Tuesday, June 16, 2009
Nothing is so strong as gentleness, nothing so gentle as real strength - St. Francis de Sales

Gentleness is not often associated with strength. An alternative translation of praotes, the Greek word used by Paul, is meekness. Neither of these translations suggests strength. Far too often the opposite is assumed: to be gentle is to be delicate, weak and even feeble. The concept of gentleness does not seem to fit into the dog-eat-dog world we live in. However, gentleness, properly understood, is far from these negative connotations. To be gentle is to be in control of oneself. It is to have a balanced and tranquil spirit.
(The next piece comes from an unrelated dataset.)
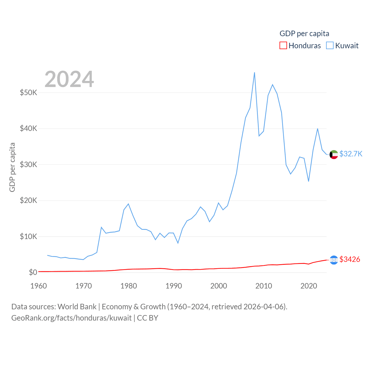 Honduras and Kuwait economies compared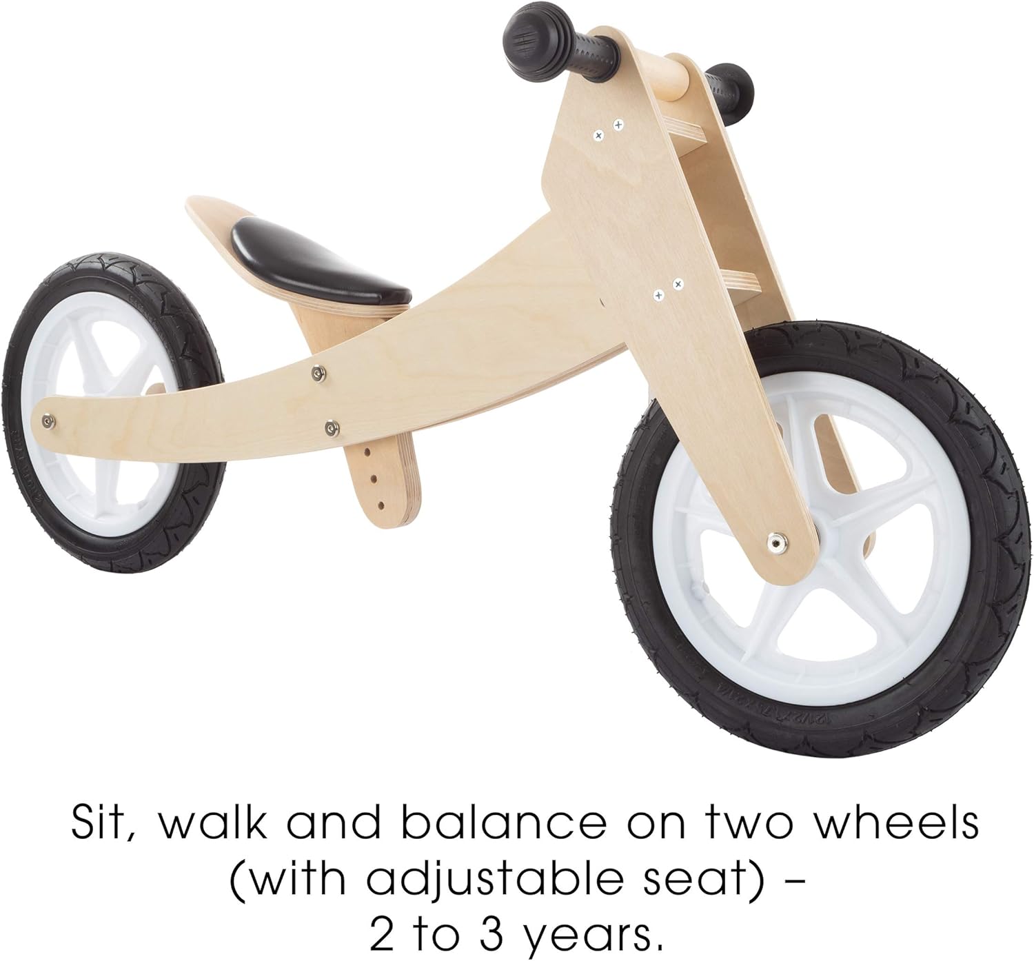 STURDY CONTSTRUCTION – This 3-in-1 beginner bike is made of a sturdy and durable wood frame with easy grip rubber handles and rubber wheels, making it rugged enough to handle both indoor and outdoor play. The seat is adjustable to suit kids of all sizes.

It is to be even-tempered, and to have hold over the passions. The gentle person is the master of their strength and power. The Latin Vulgate expresses this by using the compound mansuetudo - being accustomed to taming the hand. Gentleness is being appropriately restrained in our actions and words, especially in our interactions with other people. We all recognize how hard it is to practise this virtue. Sartre said “hell is other people” and all too often we might feel that he is right. But because it is difficult we need the Holy Spirit to aid us in being gentle.

Gentleness, however, does not turn us into punching-bags for the world. Whilst we must always be willing to pardon offences; we must also be able fraternally to correct faults gently and with love. Gentleness helps our actions to have a positive effect. To use an old saying, 'you catch more flies with honey than vinegar'. It is a sign of real and true strength to be able to act with restraint and gentleness, and the Holy Spirit allows us to overcome all obstacles to this practice. Like the message to Elijah the Gospel will not be proclaimed by great winds, earthquakes, or fire but by the whistling of gentle air.